**Task material**
▼

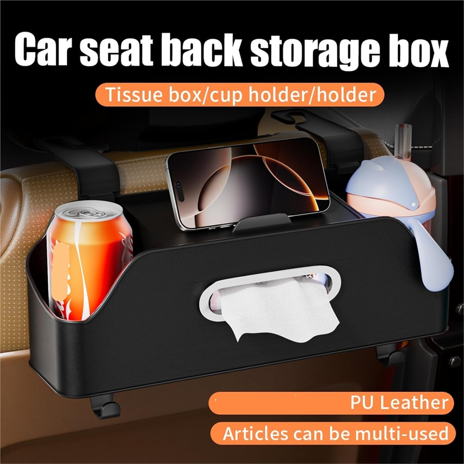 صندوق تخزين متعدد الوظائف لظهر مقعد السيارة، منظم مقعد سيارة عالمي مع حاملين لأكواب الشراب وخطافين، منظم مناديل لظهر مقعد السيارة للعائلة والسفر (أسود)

▲
▼

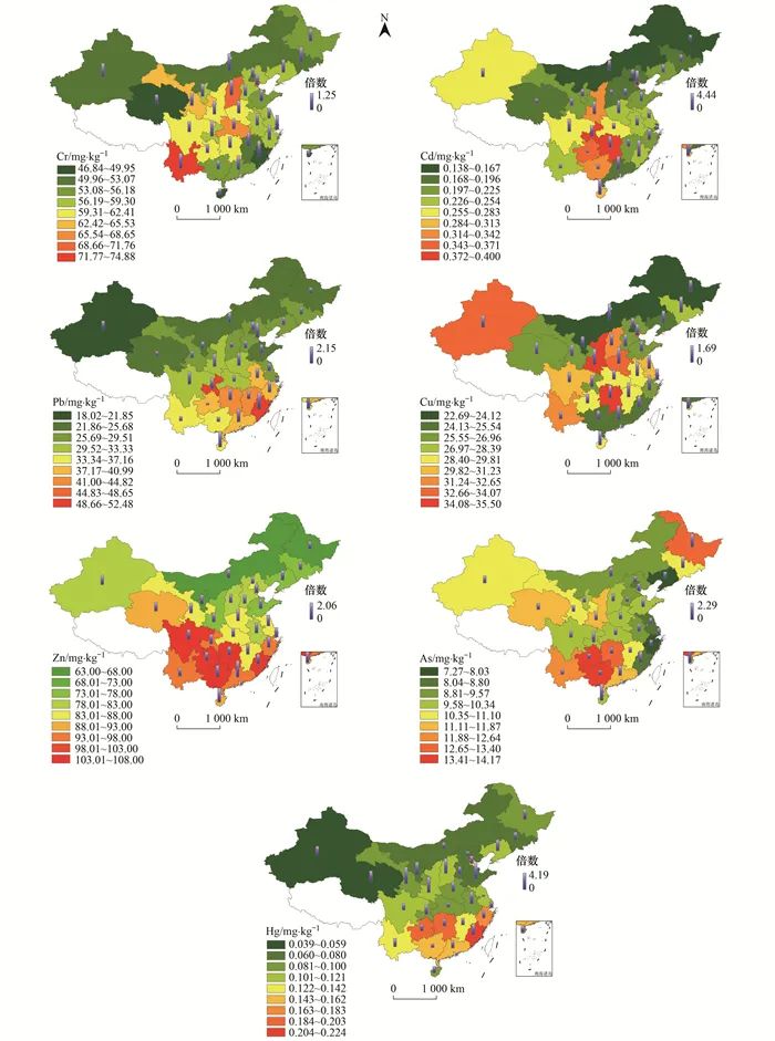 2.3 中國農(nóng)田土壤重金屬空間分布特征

▲
▼

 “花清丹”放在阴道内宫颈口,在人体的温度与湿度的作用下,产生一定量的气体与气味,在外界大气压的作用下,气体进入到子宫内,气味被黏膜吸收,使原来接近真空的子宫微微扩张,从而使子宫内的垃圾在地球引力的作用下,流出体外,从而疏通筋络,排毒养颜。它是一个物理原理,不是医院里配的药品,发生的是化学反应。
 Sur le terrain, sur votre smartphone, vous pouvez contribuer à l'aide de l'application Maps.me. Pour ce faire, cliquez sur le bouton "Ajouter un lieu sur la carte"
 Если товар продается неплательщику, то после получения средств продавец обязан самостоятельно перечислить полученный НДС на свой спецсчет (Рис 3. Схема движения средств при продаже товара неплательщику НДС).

▲

**Task prompt**
In the listing above, locate the line containing "Sur le terrain, sur" and the line containing "Если товар продается", then transcribe both and every line between them verbatim.

**Expected answer**
 Sur le terrain, sur votre smartphone, vous pouvez contribuer à l'aide de l'application Maps.me. Pour ce faire, cliquez sur le bouton "Ajouter un lieu sur la carte"
 Если товар продается неплательщику, то после получения средств продавец обязан самостоятельно перечислить полученный НДС на свой спецсчет (Рис 3. Схема движения средств при продаже товара неплательщику НДС).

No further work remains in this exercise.